Abstract
Mutations in nucleotide binding oligomerization domain containing 2 receptor (NOD2) are associated with Blau syndrome (also known as early-onset sarcoidosis)—a rare autosomal dominant, chronic granulomatous disease that typically presents before 5 years of age. Blau syndrome is characterized by the clinical triad of arthritis, granulomatous dermatitis, and recurrent uveitis. Here, we report a case of NOD2-mutation-associated early-onset sarcoidosis in which a combination of methotrexate and hydroxychloroquine was used to achieve improvement in arthritis, granulomatous dermatitis, and uveitis. A 13-month-old boy presented with a sudden-onset cutaneous eruption affecting the face, trunk, and extremities that initially mimicked papular atopic dermatitis but progressively worsened despite topical steroid therapy.

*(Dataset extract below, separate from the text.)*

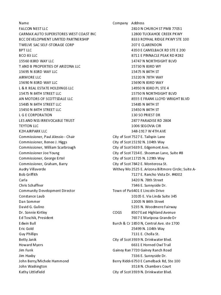 Get the free Name Company Address FALCON NEST LLC 2810 N CHURCH ST ...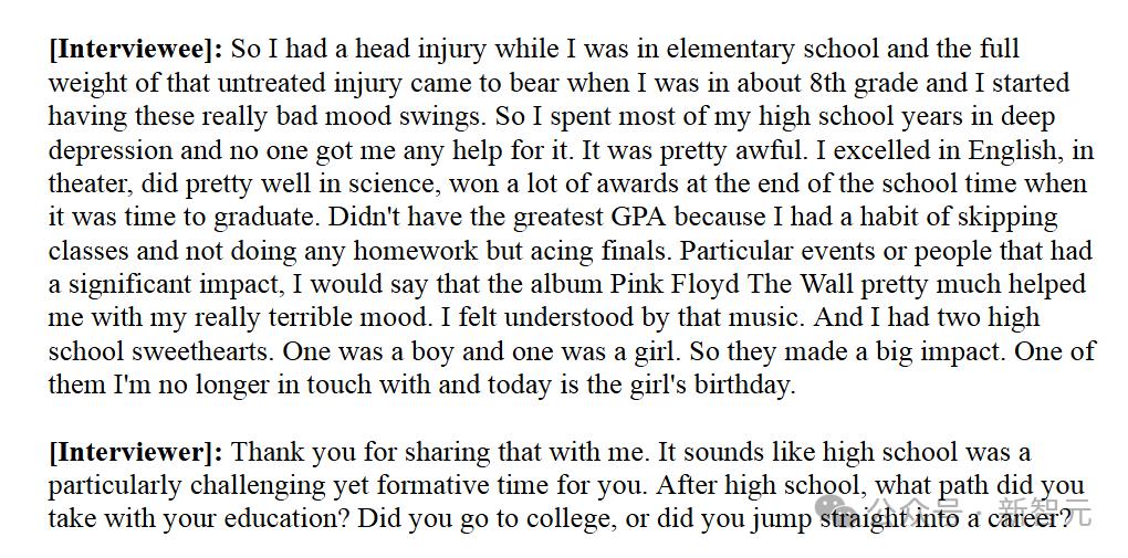 听完被试的高中经历后,ta会贴心地进行总结,然后继续提问:「谢谢你与我分享这些。听起来高中对你来说是一个特别有挑战性、但成长很多的时期。高中毕业后,你选择了怎样的道路?是去上了大学还是直接进入职场了呢?」

The patient had no other known medical comorbidities or abnormalities except for heterochromia of the right eye. However, prior to presentation to dermatology, the patient began experiencing frequent falls, conjunctival injection, and apparent eye and joint pain. Skin biopsy from the right shoulder demonstrated rounded aggregates of epithelioid histiocytes and multinucleated giant cells without a significant lymphocytic component (“naked granulomas”), consistent with sarcoidal granulomatous dermatitis. Given the concern for Blau syndrome, the patient was sent for evaluation by ophthalmology and was found to have bilateral subconjunctival nodules. Our patient underwent genetic testing and was found to have a mutation in codon 1000 C > T (protein R334W) in the NOD2 gene. The patient responded to oral prednisolone 2 mg/kg/day for 8 weeks, but quickly relapsed, requiring a second 8-week course with taper upon starting methotrexate 7.5 mg subcutaneously weekly with 1 mg folic acid orally daily. After 8 weeks on methotrexate, due to persistent arthritis, conjunctival injection, and pruritus, and in consultation with rheumatology, the patient was started on hydroxychloroquine 75 mg orally daily along with continuation of 7.5 mg methotrexate subcutaneously weekly for 8 weeks, achieving significant reduction in arthritis, pruritus, and uveitis. After 8 weeks of this combination therapy, due to concerns of long-term macular toxicity, hydroxychloroquine was discontinued in favor of continuing methotrexate alone. The patient has remained free of significant side effects and stable with good disease control on 7.5 mg methotrexate weekly injected subcutaneously.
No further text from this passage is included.